Recorded data
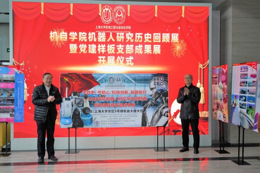 为了深入学习贯彻习近平新时代中国特色社会主义思想,落实立德树人根本任务,展现科研工作者面向世界科技前沿、面向经济主战场、面向国家重大需求、面向人民生命健康,勇于担当历史责任、勇于攀登科学高峰的精神风貌,扩大党建样板支部的引领辐射效应,把“四史”学习成果转化为推动教学科研发展的强大动力。11月30日由校组织人事部、党委宣传部及太阳集团tcy8722共同主办的“学四史·守初心:科技创新、砥砺前行——太阳集团tcy8722机器人研究历史回顾展暨党建样板支部成果展”在东区机自大楼一楼隆重开幕。公司党委书记成旦红、太阳集团终身教授方明伦、龚振邦、公司党委常委、宣传部部长胡大伟、组织人事部组织处副处长卢吉超、党政办副主任凌长臣、党委教师工作部副部长孙琦琰、离退休工作处党委副书记林桦、公司党委书记于瀛洁、太阳集团tcy8722经理费敏锐,智能制造及机器人中心党支部(全国党建样板支部),无人装备与系统党支部(上海市教卫工作党委系统先进基层党组织、太阳集团党建样板支部)的党员代表、太阳集团tcy8722教师代表出席了本次活动。开展仪式由公司党委副书记、纪委书记仇静豪主持。
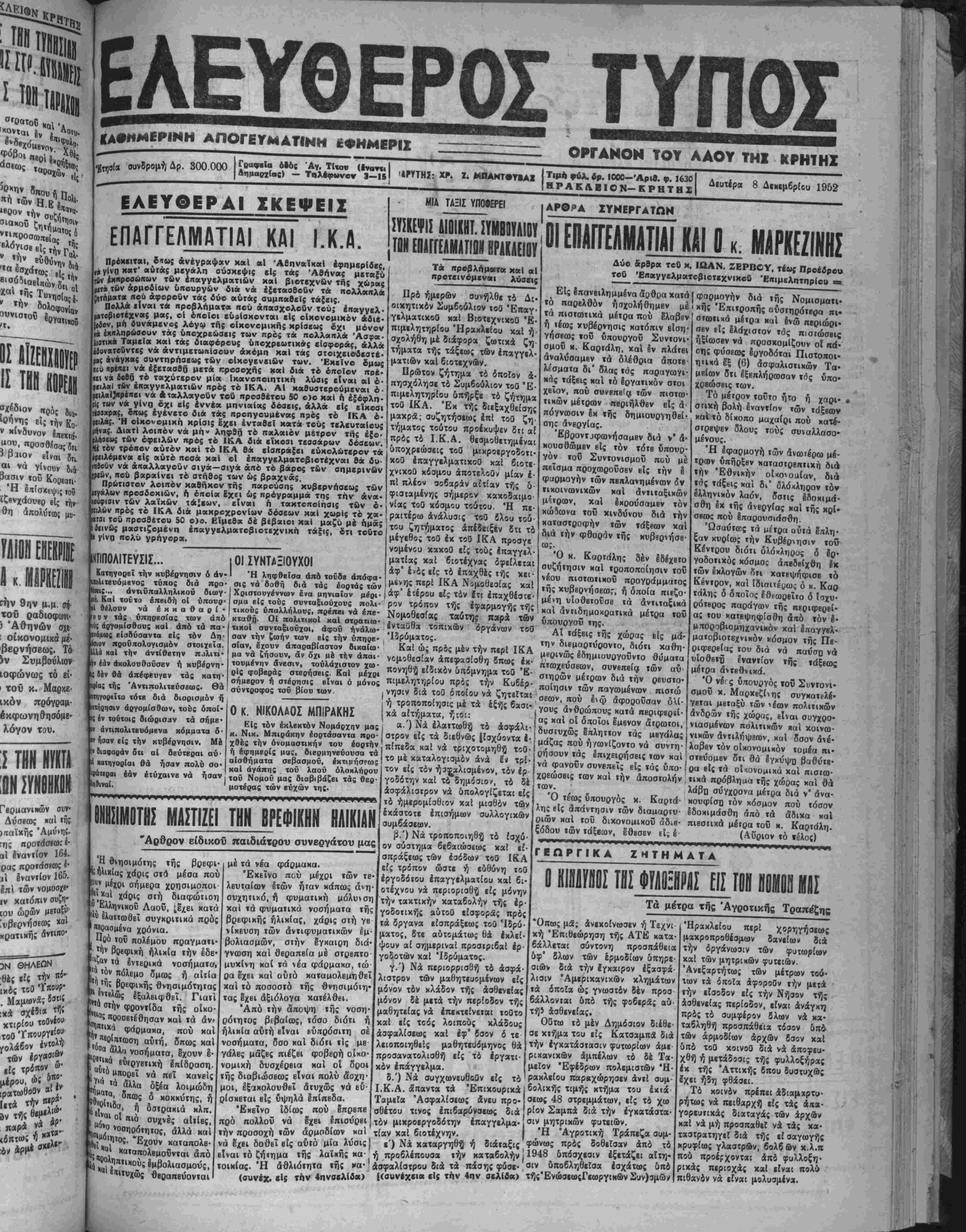 Δευτέρα 8 Δεκεμβριού 1952
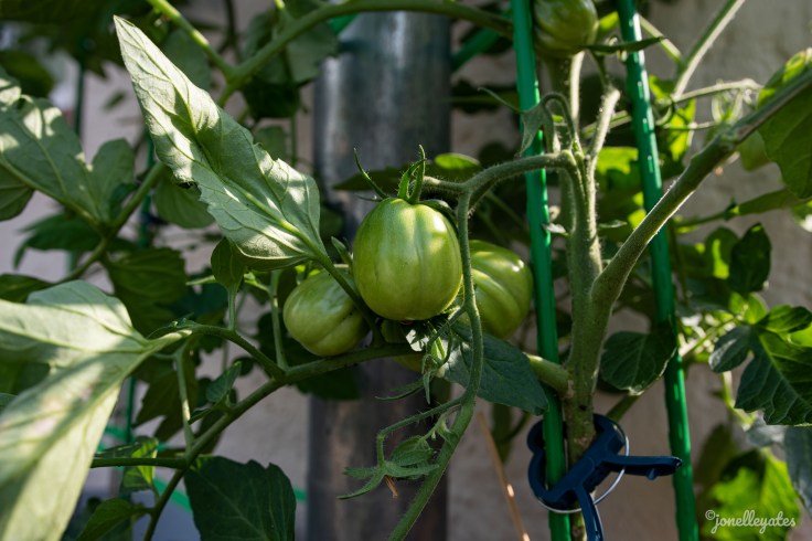 Germany is a cloudy country. Our yard is shady yard. My tomatoes are doing well, but they’re not ripening. So we moved them from the shady oak back yard to the front, praying that the on the brighter north side of the house, they would receive as much as light as they need to ripen. I may need to cut out some branches, but I’m not sure if this is a thing that I can do.
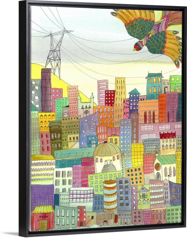 <p>Contemporary painting of a city of colorful buildings.</p>
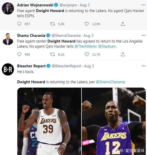 自由球员德怀特-霍华德愿意重回湖人,霍华德的经纪人盖斯-海德告诉霍华德已经准备和湖人签一份合同,霍华德将会成为他生涯第三次加盟洛杉矶湖人队。
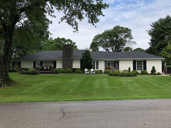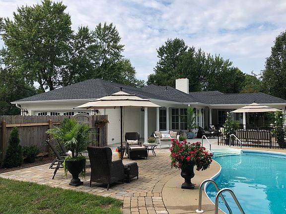 White brick and stone ranch house. Three bedrooms and 2 full/2 half-baths. Major construction in 2018 enlarged the garage, added a laundry and pool bath, and dramatically updated and increased the size of the kitchen. The entire North side of the house is paneled glass floor to ceiling facing private gardens and a pool. Three full fireplace/chimneys with two currently outfitted with gas logs. 2016 stone fireplace and chimney added to the master bedroom which opens to a sunny sitting area and study. High ceilings in both baths and the main family room. Full unfinished basement under most of the house.
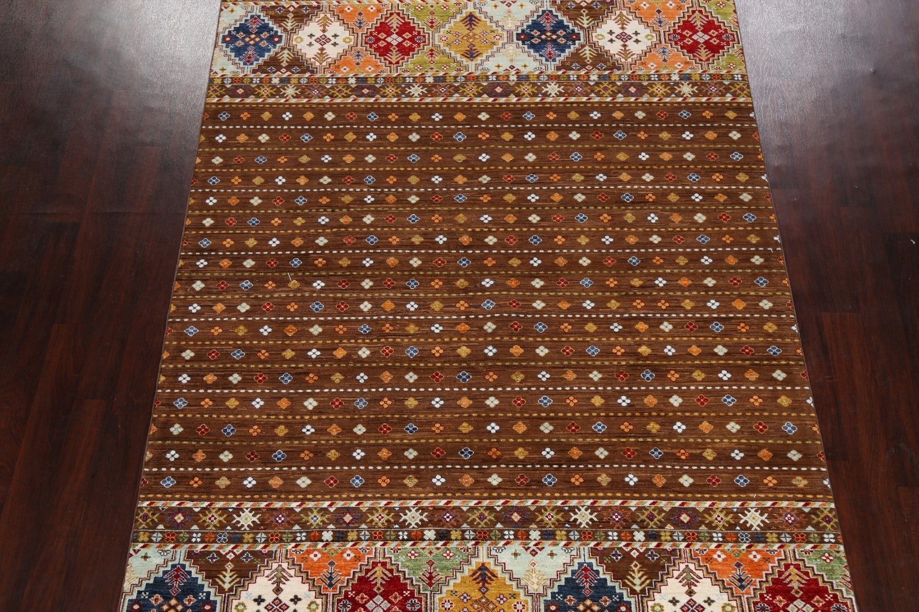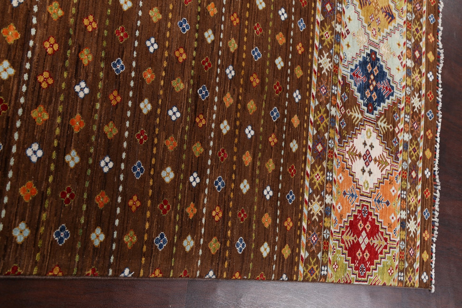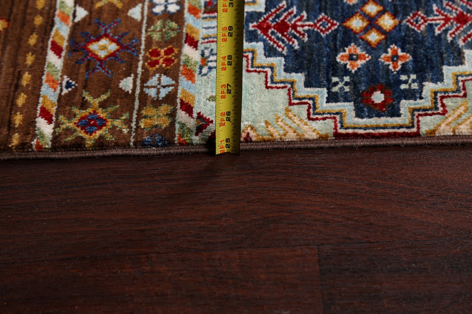 A Beautiful Genuine Persia ( Persia ) Kazak rug is Hand Knotted by skillful weavers in Persia ( Persia ) with 100% Wool Material. This rug is in New, First Quality condition. dimensions are 9' 9'' X 6' 9'' in foot and 297 X 206 in centimeter. the primary color is Brown.
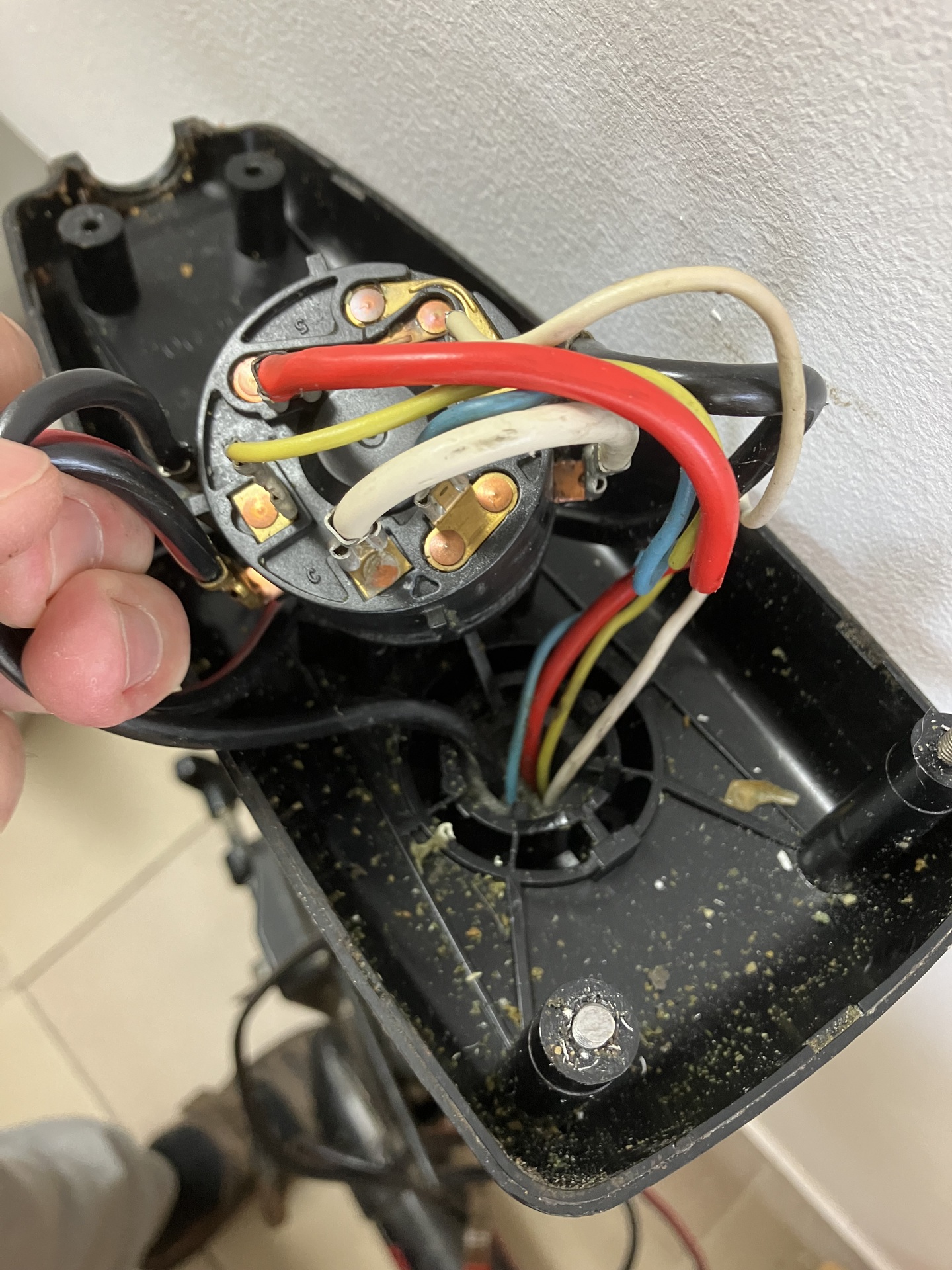 Hello! Anno én is javítottam egy amcsi csónakmotort. Igaz ezen részével nem foglalkoztam, csak a motor csapággyal és a kommutátorral. De a vezérlő elektronika a csigával szemben lent az orrkúpban volt a hűtés miatt és ki volt öntve műgyantával. Tehát a kapcsoló csak a bekapcsolást végezte, a vékony szálak a fordulat-szabályzónak szóltak. Szerintem itt is ez lesz a helyzet..
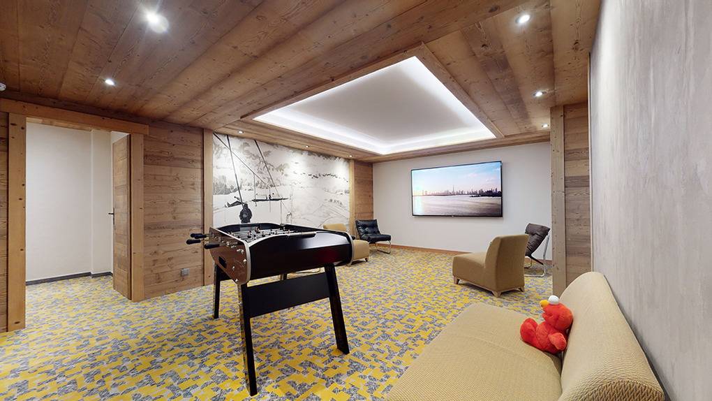 Im Haus: Gemeinschaftlicher Spabereich mit Sauna und Massagedusche, Babytischfussball, großer Smart-TV, Lichtspiele. Waschraum mit Waschmaschine und Trockner. Kostenloser Verleih von Raclette-, Fonduegeräte an der Rezeption

• WHAT YOU SHOULD DO
Each line above should be set down exactly as written, with pictures excluded.

• SOLUTION TO THE PROBLEM
 为了深入学习贯彻习近平新时代中国特色社会主义思想,落实立德树人根本任务,展现科研工作者面向世界科技前沿、面向经济主战场、面向国家重大需求、面向人民生命健康,勇于担当历史责任、勇于攀登科学高峰的精神风貌,扩大党建样板支部的引领辐射效应,把“四史”学习成果转化为推动教学科研发展的强大动力。11月30日由校组织人事部、党委宣传部及太阳集团tcy8722共同主办的“学四史·守初心:科技创新、砥砺前行——太阳集团tcy8722机器人研究历史回顾展暨党建样板支部成果展”在东区机自大楼一楼隆重开幕。公司党委书记成旦红、太阳集团终身教授方明伦、龚振邦、公司党委常委、宣传部部长胡大伟、组织人事部组织处副处长卢吉超、党政办副主任凌长臣、党委教师工作部副部长孙琦琰、离退休工作处党委副书记林桦、公司党委书记于瀛洁、太阳集团tcy8722经理费敏锐,智能制造及机器人中心党支部(全国党建样板支部),无人装备与系统党支部(上海市教卫工作党委系统先进基层党组织、太阳集团党建样板支部)的党员代表、太阳集团tcy8722教师代表出席了本次活动。开展仪式由公司党委副书记、纪委书记仇静豪主持。
 Δευτέρα 8 Δεκεμβριού 1952
 Germany is a cloudy country. Our yard is shady yard. My tomatoes are doing well, but they’re not ripening. So we moved them from the shady oak back yard to the front, praying that the on the brighter north side of the house, they would receive as much as light as they need to ripen. I may need to cut out some branches, but I’m not sure if this is a thing that I can do.
 <p>Contemporary painting of a city of colorful buildings.</p>
 自由球员德怀特-霍华德愿意重回湖人,霍华德的经纪人盖斯-海德告诉霍华德已经准备和湖人签一份合同,霍华德将会成为他生涯第三次加盟洛杉矶湖人队。
 White brick and stone ranch house. Three bedrooms and 2 full/2 half-baths. Major construction in 2018 enlarged the garage, added a laundry and pool bath, and dramatically updated and increased the size of the kitchen. The entire North side of the house is paneled glass floor to ceiling facing private gardens and a pool. Three full fireplace/chimneys with two currently outfitted with gas logs. 2016 stone fireplace and chimney added to the master bedroom which opens to a sunny sitting area and study. High ceilings in both baths and the main family room. Full unfinished basement under most of the house.
 A Beautiful Genuine Persia ( Persia ) Kazak rug is Hand Knotted by skillful weavers in Persia ( Persia ) with 100% Wool Material. This rug is in New, First Quality condition. dimensions are 9' 9'' X 6' 9'' in foot and 297 X 206 in centimeter. the primary color is Brown.
 Hello! Anno én is javítottam egy amcsi csónakmotort. Igaz ezen részével nem foglalkoztam, csak a motor csapággyal és a kommutátorral. De a vezérlő elektronika a csigával szemben lent az orrkúpban volt a hűtés miatt és ki volt öntve műgyantával. Tehát a kapcsoló csak a bekapcsolást végezte, a vékony szálak a fordulat-szabályzónak szóltak. Szerintem itt is ez lesz a helyzet..
 Im Haus: Gemeinschaftlicher Spabereich mit Sauna und Massagedusche, Babytischfussball, großer Smart-TV, Lichtspiele. Waschraum mit Waschmaschine und Trockner. Kostenloser Verleih von Raclette-, Fonduegeräte an der Rezeption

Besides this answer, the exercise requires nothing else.